Recorded data:
----------
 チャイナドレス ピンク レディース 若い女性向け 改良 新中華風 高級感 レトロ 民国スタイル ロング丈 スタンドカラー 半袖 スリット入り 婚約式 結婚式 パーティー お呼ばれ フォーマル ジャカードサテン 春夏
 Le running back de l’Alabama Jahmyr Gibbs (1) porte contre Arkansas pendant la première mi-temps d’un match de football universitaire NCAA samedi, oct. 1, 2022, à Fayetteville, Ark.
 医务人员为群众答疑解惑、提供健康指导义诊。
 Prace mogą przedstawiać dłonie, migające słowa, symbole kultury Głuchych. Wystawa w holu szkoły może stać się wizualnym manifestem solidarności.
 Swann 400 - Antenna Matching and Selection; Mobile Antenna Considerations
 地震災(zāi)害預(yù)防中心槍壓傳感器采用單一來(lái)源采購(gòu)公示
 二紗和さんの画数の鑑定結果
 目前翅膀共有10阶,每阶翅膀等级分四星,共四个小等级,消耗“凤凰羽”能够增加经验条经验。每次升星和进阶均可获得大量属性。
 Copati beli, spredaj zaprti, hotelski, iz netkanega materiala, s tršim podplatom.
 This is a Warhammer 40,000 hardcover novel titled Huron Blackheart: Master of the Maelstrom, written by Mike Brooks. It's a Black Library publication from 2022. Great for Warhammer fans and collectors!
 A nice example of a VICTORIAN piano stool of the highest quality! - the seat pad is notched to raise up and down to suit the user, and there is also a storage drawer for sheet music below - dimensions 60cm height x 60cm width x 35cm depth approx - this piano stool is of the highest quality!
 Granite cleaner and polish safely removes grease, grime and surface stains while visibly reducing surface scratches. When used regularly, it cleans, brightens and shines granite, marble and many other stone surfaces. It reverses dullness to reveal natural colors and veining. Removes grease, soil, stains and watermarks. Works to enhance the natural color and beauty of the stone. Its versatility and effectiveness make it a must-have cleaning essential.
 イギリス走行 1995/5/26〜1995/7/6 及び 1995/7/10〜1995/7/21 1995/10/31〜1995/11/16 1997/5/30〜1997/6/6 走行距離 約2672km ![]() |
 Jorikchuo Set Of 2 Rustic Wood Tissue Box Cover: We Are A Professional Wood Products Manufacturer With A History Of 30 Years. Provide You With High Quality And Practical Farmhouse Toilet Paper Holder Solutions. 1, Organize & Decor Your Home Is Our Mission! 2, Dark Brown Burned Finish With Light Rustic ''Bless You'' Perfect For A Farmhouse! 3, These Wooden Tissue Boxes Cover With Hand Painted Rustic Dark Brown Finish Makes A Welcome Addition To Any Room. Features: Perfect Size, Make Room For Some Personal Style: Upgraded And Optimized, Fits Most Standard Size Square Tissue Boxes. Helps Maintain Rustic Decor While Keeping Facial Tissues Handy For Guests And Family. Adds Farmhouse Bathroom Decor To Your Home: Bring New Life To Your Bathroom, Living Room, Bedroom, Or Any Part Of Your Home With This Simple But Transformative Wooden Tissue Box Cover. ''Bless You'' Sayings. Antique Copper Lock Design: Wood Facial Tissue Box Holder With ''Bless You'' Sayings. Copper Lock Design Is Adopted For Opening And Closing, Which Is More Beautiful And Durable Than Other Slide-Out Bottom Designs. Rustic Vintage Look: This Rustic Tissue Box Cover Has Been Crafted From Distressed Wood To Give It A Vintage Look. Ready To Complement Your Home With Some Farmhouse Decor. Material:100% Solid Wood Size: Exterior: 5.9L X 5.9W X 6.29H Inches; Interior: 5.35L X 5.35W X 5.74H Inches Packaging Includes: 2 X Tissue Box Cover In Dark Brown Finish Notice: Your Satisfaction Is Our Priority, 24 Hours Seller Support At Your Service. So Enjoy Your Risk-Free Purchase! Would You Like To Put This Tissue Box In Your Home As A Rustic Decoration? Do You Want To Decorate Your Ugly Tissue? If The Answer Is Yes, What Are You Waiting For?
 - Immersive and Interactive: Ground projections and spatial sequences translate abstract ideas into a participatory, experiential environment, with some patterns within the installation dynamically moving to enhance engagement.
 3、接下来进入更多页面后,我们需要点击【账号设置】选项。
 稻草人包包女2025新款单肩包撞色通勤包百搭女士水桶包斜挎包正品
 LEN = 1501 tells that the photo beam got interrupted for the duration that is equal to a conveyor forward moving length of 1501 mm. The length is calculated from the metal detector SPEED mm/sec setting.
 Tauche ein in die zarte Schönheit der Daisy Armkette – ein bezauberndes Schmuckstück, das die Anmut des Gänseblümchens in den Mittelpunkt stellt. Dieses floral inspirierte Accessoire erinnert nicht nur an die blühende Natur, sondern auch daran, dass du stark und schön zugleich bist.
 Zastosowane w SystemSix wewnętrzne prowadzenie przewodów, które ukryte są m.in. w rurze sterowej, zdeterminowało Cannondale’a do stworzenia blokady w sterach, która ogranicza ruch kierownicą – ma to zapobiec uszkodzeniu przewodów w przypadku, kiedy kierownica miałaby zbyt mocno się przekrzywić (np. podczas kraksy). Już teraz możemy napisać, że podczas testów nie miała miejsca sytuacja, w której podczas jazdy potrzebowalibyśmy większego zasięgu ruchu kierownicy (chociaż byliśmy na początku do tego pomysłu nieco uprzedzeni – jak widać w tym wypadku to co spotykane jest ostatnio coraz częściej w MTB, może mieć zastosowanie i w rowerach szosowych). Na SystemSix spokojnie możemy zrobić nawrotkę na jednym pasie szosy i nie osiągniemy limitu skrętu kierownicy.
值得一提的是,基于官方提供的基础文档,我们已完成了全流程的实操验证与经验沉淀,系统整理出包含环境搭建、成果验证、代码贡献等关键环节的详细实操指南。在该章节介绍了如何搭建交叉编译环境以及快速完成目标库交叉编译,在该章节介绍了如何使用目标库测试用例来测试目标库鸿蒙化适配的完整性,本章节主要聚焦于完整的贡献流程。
----------
Return exactly what appears above, from the first line of the entries to the line with "医务人员为群众答疑解惑、提供健康指导义诊。", inclusive.

- Expected answer:
 チャイナドレス ピンク レディース 若い女性向け 改良 新中華風 高級感 レトロ 民国スタイル ロング丈 スタンドカラー 半袖 スリット入り 婚約式 結婚式 パーティー お呼ばれ フォーマル ジャカードサテン 春夏
 Le running back de l’Alabama Jahmyr Gibbs (1) porte contre Arkansas pendant la première mi-temps d’un match de football universitaire NCAA samedi, oct. 1, 2022, à Fayetteville, Ark.
 医务人员为群众答疑解惑、提供健康指导义诊。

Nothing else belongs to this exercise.